**Description of the task:** Please copy out the full listing that follows exactly; no picture belongs in the copy.

**Dataset extract:**
'''

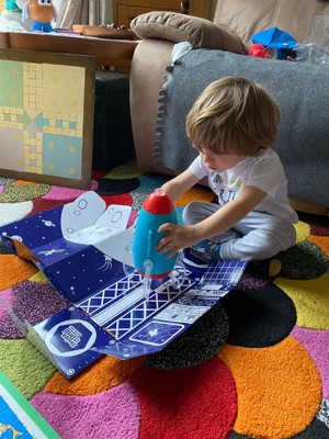 My son was eager to dive in and quickly start taking this robust little rocket apart and using the drill to put it back together again. He found it a bit tough to get the nose cone and base on, so I had to help him with that. It was also a little tricky for him to get the dog to slot into the rocket otherwise he really enjoys playing with it. I can see how the way he plays with it will develop and change as he gets older. He's already started to become more creative with it using the launch pad and moon as a backdrop to his space fuelled stories! The box opening out into the backdrop it such a fantastic idea, we loved it.
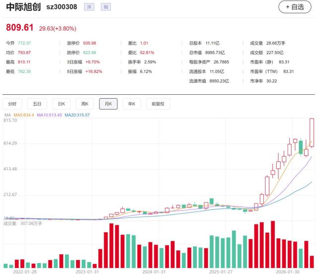 中际旭创股价今日收涨3.8%,报收于809.61元,总市值逼近9000亿元关口。该股在去年涨幅接近四倍的基础上,今年继续上涨超过30%。
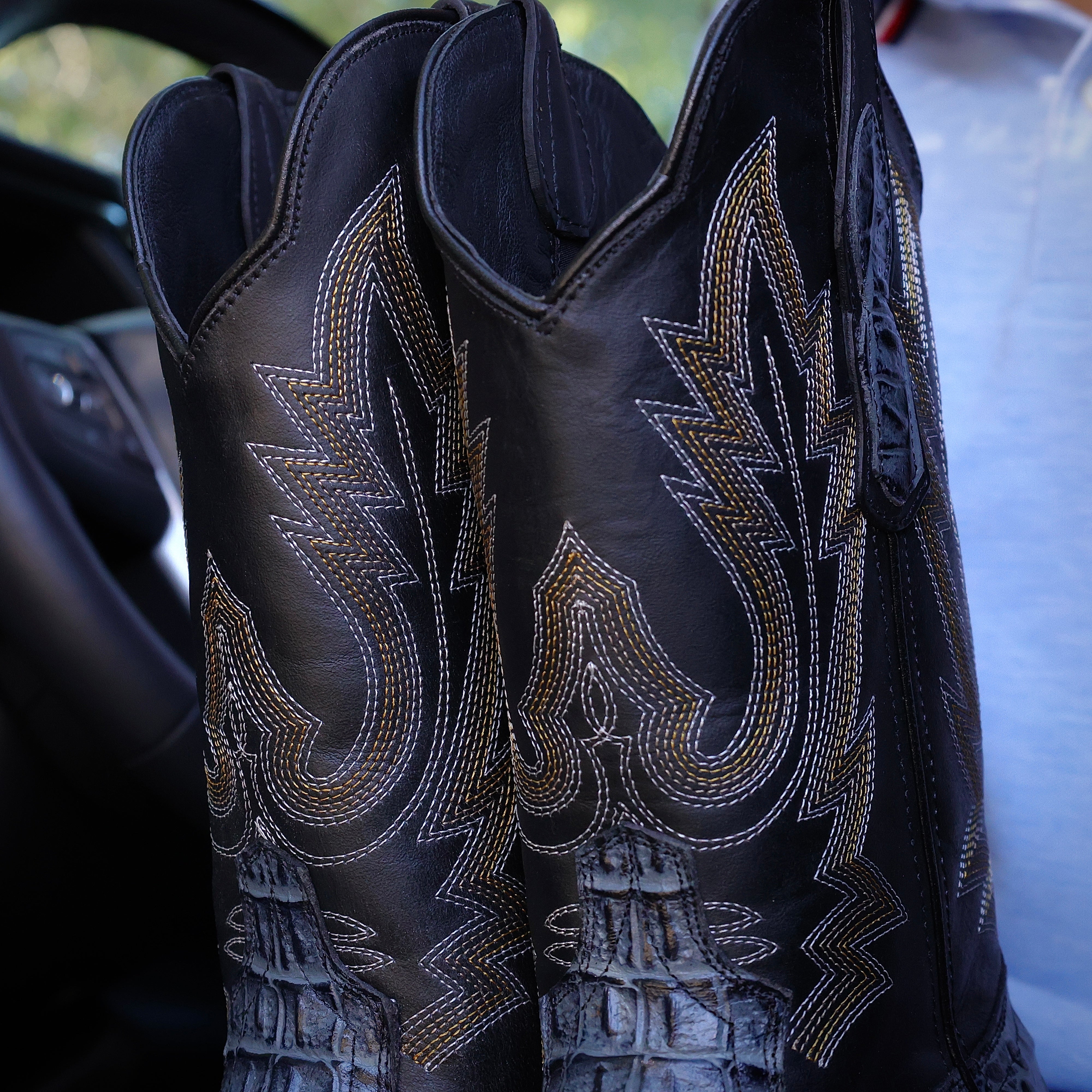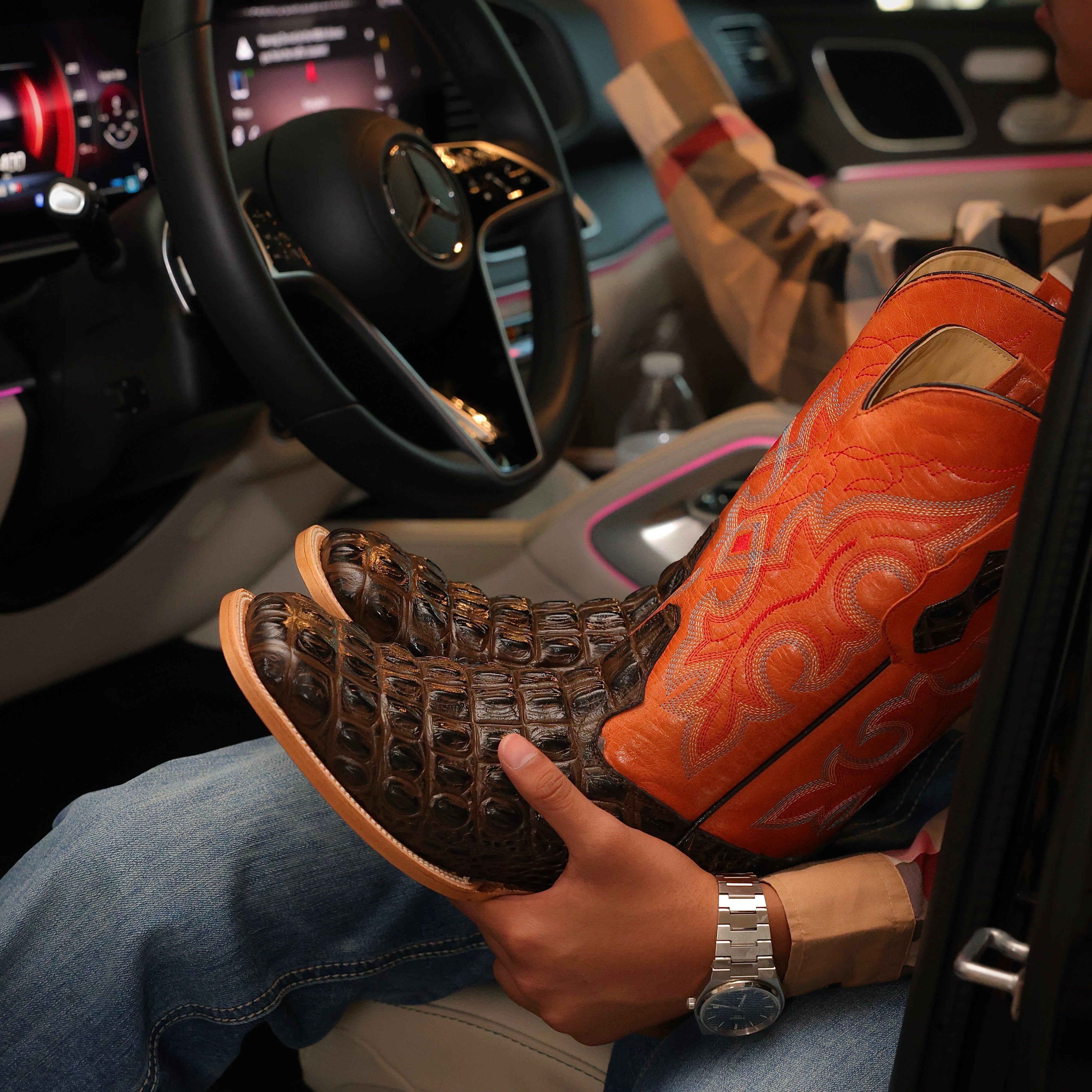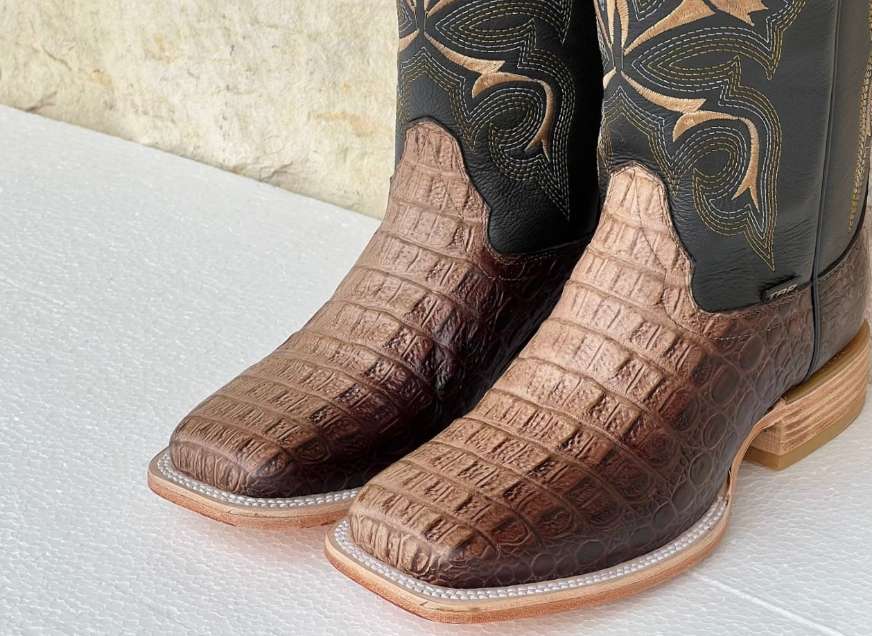 Chocolate Brown Caimán Back Leather Boots — Square Toe

'''

**Solution to this task:**
 My son was eager to dive in and quickly start taking this robust little rocket apart and using the drill to put it back together again. He found it a bit tough to get the nose cone and base on, so I had to help him with that. It was also a little tricky for him to get the dog to slot into the rocket otherwise he really enjoys playing with it. I can see how the way he plays with it will develop and change as he gets older. He's already started to become more creative with it using the launch pad and moon as a backdrop to his space fuelled stories! The box opening out into the backdrop it such a fantastic idea, we loved it.
 中际旭创股价今日收涨3.8%,报收于809.61元,总市值逼近9000亿元关口。该股在去年涨幅接近四倍的基础上,今年继续上涨超过30%。
 Chocolate Brown Caimán Back Leather Boots — Square Toe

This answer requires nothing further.